Provided material:
____
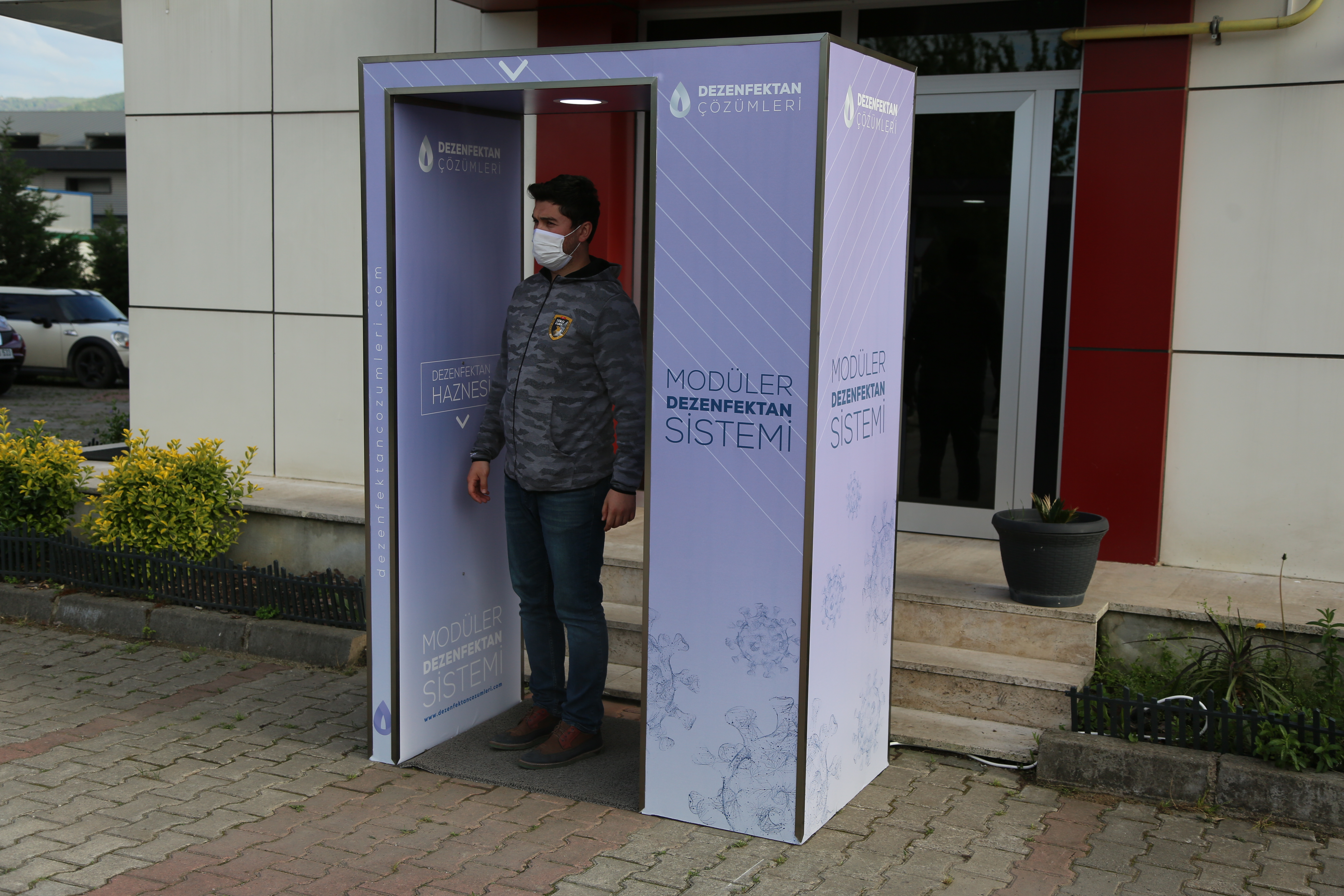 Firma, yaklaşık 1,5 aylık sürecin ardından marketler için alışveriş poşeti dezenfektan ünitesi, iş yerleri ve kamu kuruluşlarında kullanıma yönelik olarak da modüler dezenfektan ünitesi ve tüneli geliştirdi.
____
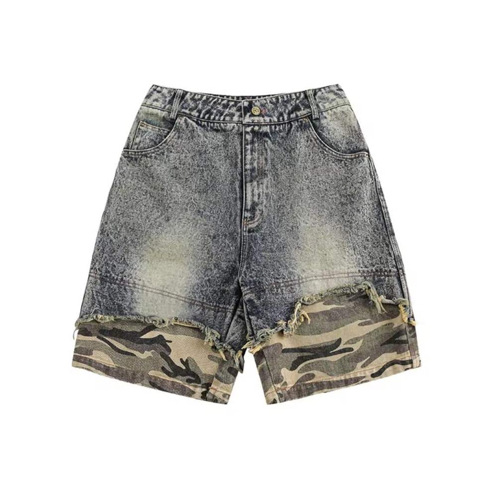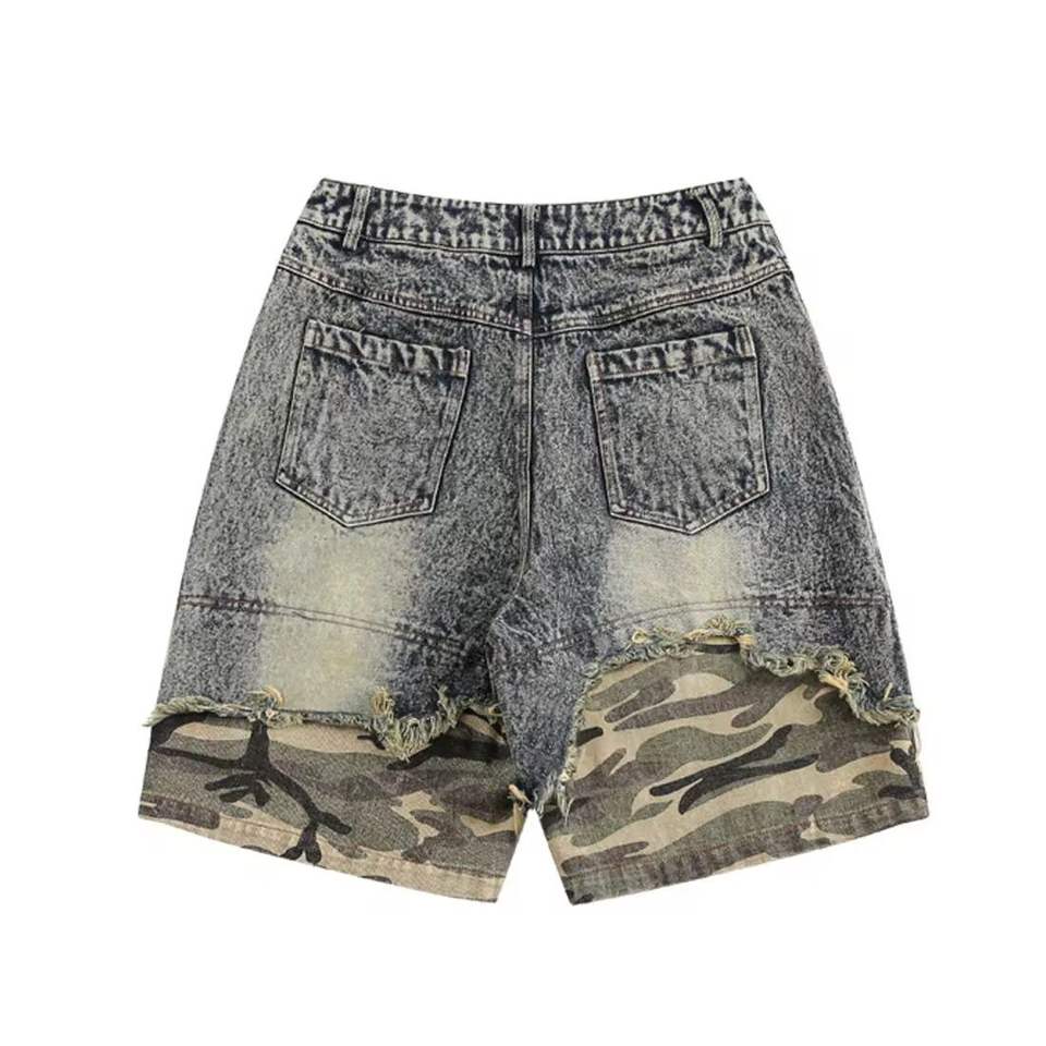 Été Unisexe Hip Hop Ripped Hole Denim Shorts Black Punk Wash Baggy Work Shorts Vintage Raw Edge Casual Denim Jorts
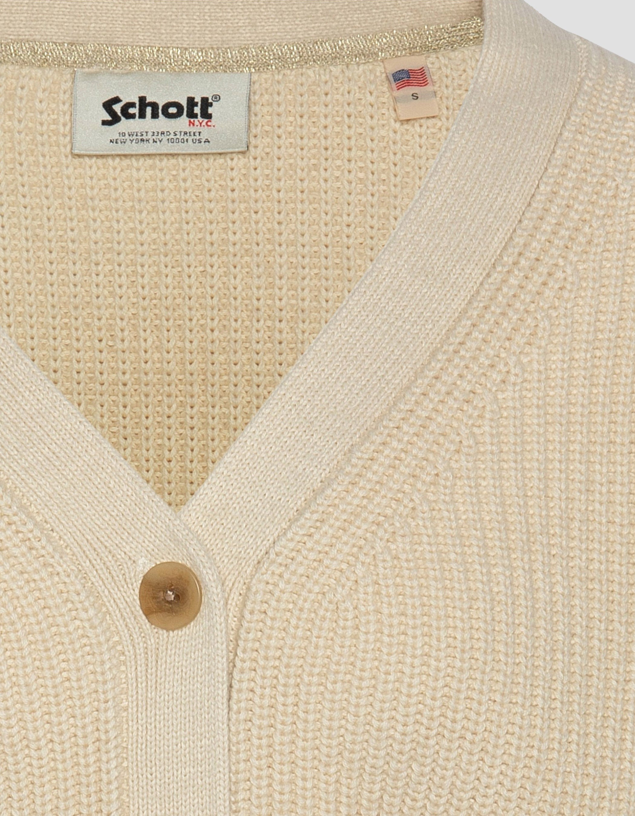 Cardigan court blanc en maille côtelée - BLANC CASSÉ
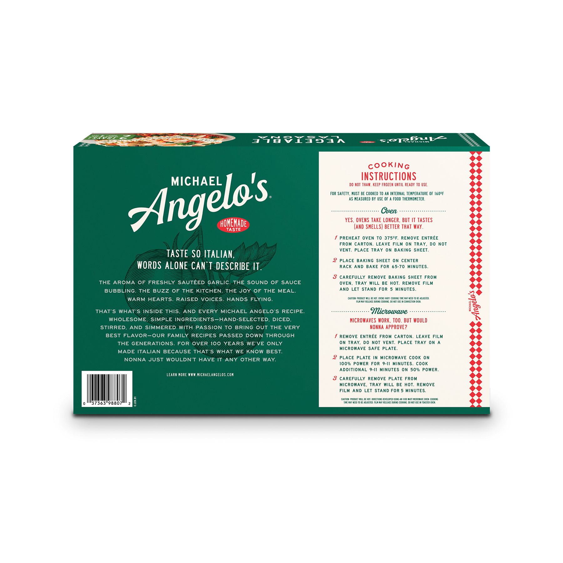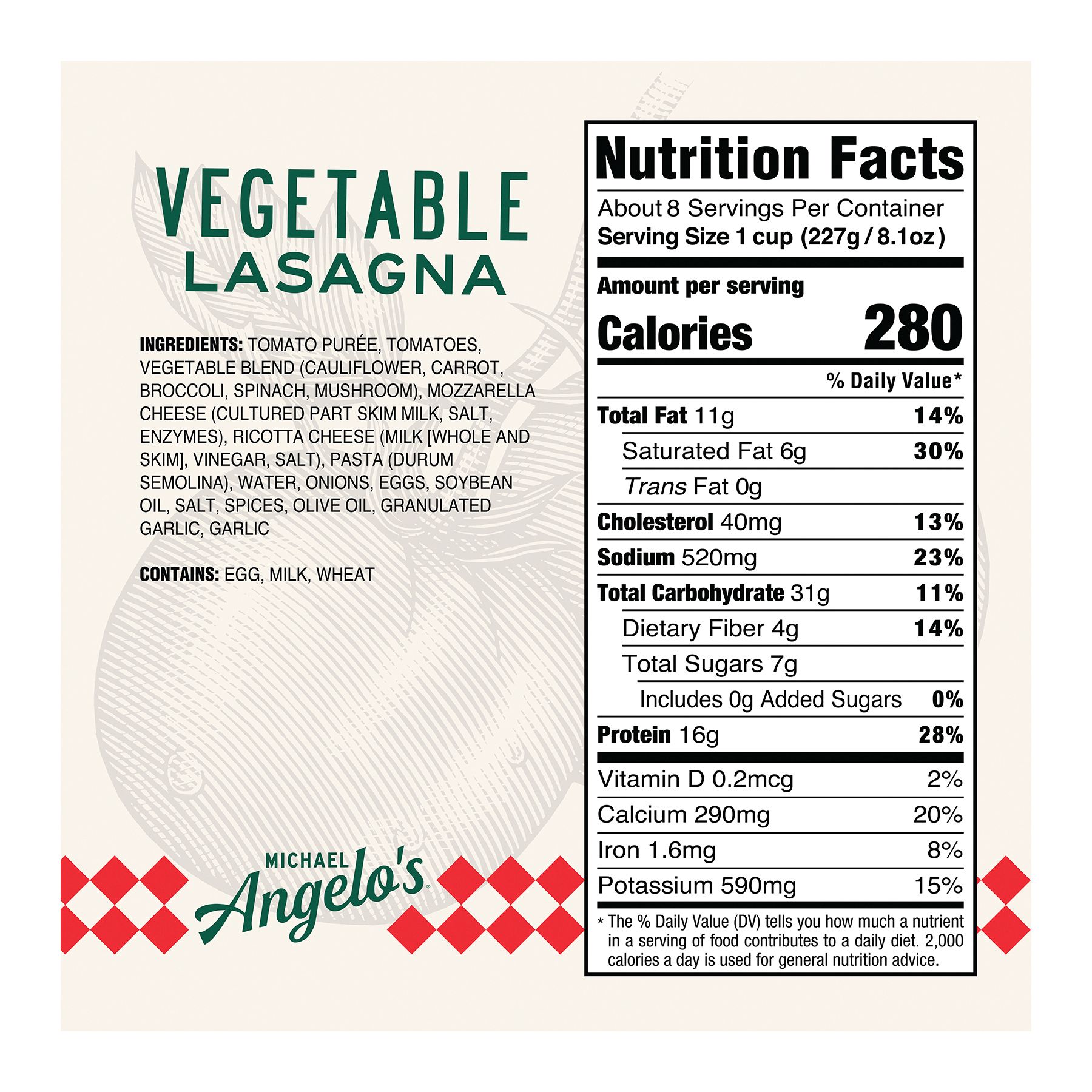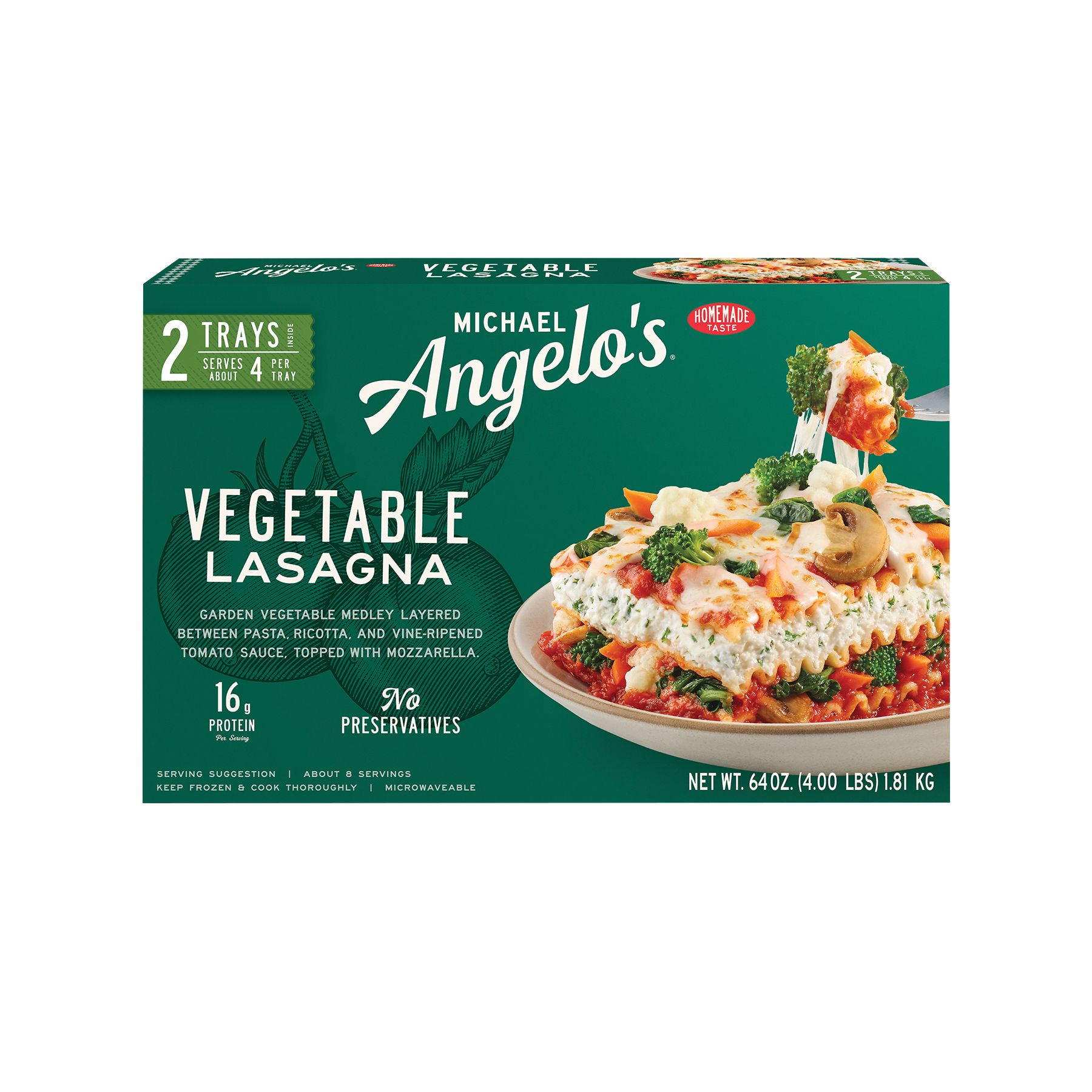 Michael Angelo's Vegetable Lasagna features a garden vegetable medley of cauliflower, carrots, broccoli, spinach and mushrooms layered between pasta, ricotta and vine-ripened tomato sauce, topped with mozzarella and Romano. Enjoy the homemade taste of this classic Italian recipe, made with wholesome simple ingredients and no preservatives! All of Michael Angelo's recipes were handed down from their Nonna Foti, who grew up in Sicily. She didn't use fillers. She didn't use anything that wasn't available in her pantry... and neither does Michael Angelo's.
____
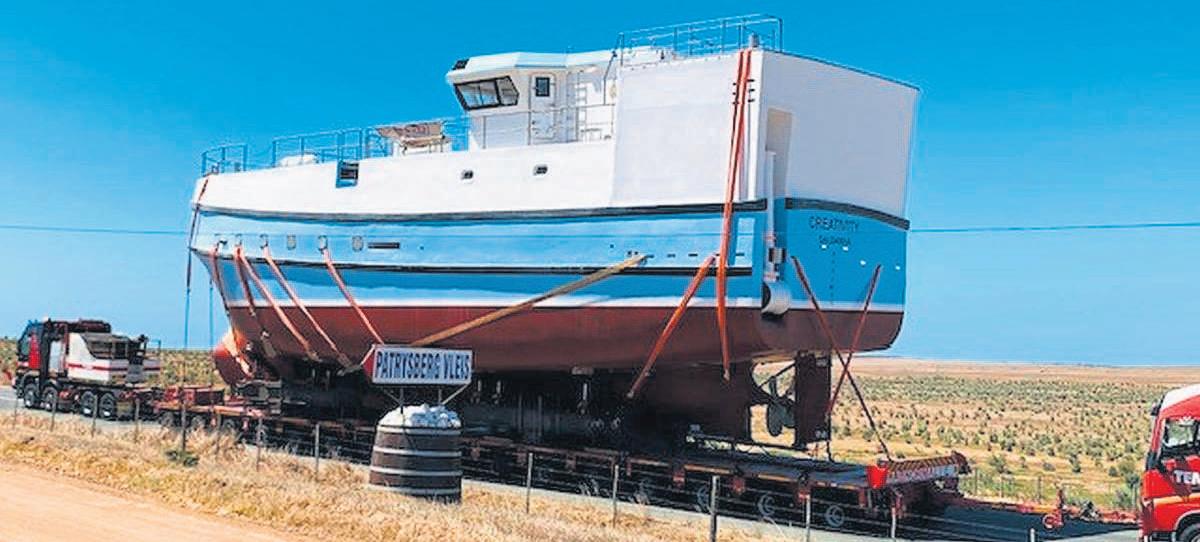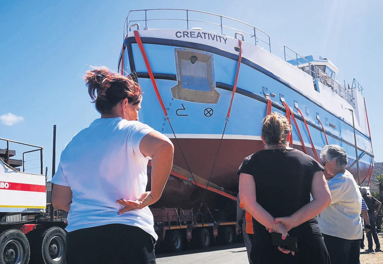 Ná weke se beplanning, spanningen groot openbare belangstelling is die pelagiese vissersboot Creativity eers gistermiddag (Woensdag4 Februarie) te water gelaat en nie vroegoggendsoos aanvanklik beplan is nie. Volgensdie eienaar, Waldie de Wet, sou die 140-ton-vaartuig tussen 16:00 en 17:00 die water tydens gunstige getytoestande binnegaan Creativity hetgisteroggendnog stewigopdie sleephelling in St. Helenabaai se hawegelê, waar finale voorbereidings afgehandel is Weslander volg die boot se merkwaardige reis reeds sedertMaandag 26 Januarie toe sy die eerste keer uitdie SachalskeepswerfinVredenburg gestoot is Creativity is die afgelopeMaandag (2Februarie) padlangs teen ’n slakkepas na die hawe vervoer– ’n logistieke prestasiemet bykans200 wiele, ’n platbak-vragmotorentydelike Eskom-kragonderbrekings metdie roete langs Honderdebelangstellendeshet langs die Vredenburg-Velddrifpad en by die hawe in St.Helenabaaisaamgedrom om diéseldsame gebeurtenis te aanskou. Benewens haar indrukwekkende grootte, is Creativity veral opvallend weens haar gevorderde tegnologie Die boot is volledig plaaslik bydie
____
Exercise prompt: Find the line with "Été Unisexe Hip" in the data above, and from there retype each line exactly through the line with "Cardigan court blanc", skipping the pictures along the way.

Output for this exercise:
 Été Unisexe Hip Hop Ripped Hole Denim Shorts Black Punk Wash Baggy Work Shorts Vintage Raw Edge Casual Denim Jorts
 Cardigan court blanc en maille côtelée - BLANC CASSÉ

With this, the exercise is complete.